Description
Bugzilla Link | 52593 |
Version | trunk |
OS | All |
CC | @fhahn,@RKSimon |
Extended Description
Suppose we have a function
template<class T>
double foo(const std::vector<double>& v) {
double sum = 0;
T size = v.size();
for (T i = 0; i < size; i += 2) {
sum += v[i];
}
return sum;
}
and call it as foo<uint64_t>
and foo<int64_t>
.
The signed version is 1.7 times faster (both with libstdc++ and libc++)
https://quick-bench.com/q/EQxNHHtqi9497mG3ovtfG7fQa6s
(Note that gcc generates code for both signed and unsigned version approximately as fast as signed clang version https://quick-bench.com/q/lDXyfset7rLDmOG2mGxjVb1h0Zw)
Indeed we can se on godbolt that code generated for different type is different: https://godbolt.org/z/Kjv6q7dsr
But seemingly there's no reason why they should be different.
One can argue that one possible difference is we can assume no overflow for signed version.
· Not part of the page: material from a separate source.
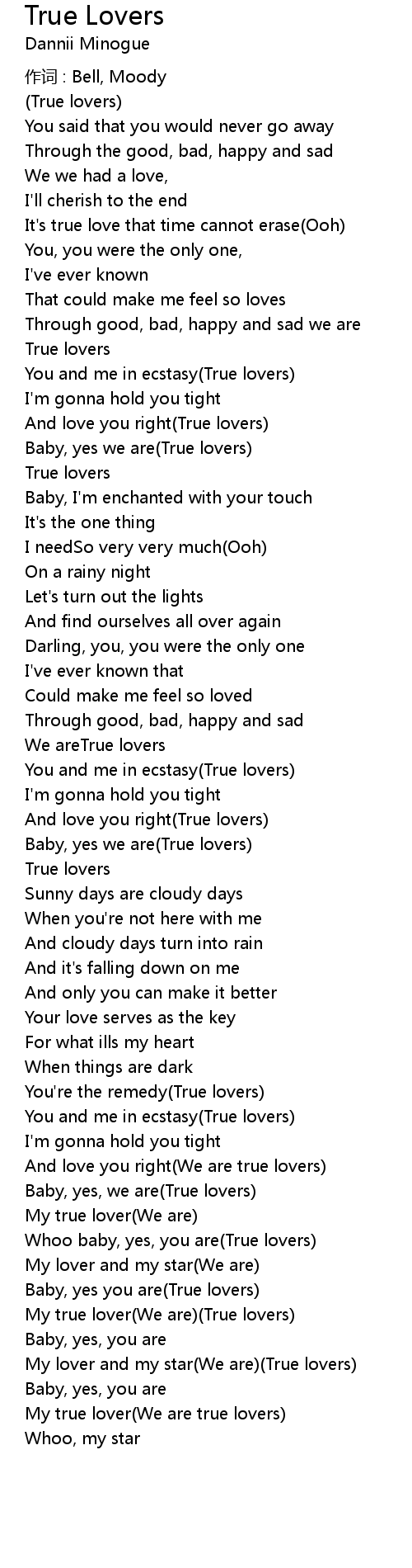 | And love you right We are true lovers | |

But actually we can assume no overflow in unsigned version as well at least for three reasons:
- if there's overflow, then the loop is infinite without any side-effects which is UB
- the size guaranteed to be less then v.max_size() which is way less then 2**64
- size is calculated as difference of 2 pointers to 8byte type, so it's bounded by 2**61 or so
Note that I tried few ways to use __builtin_assume() to "proof" to the compiler there's no overflow which didn't help.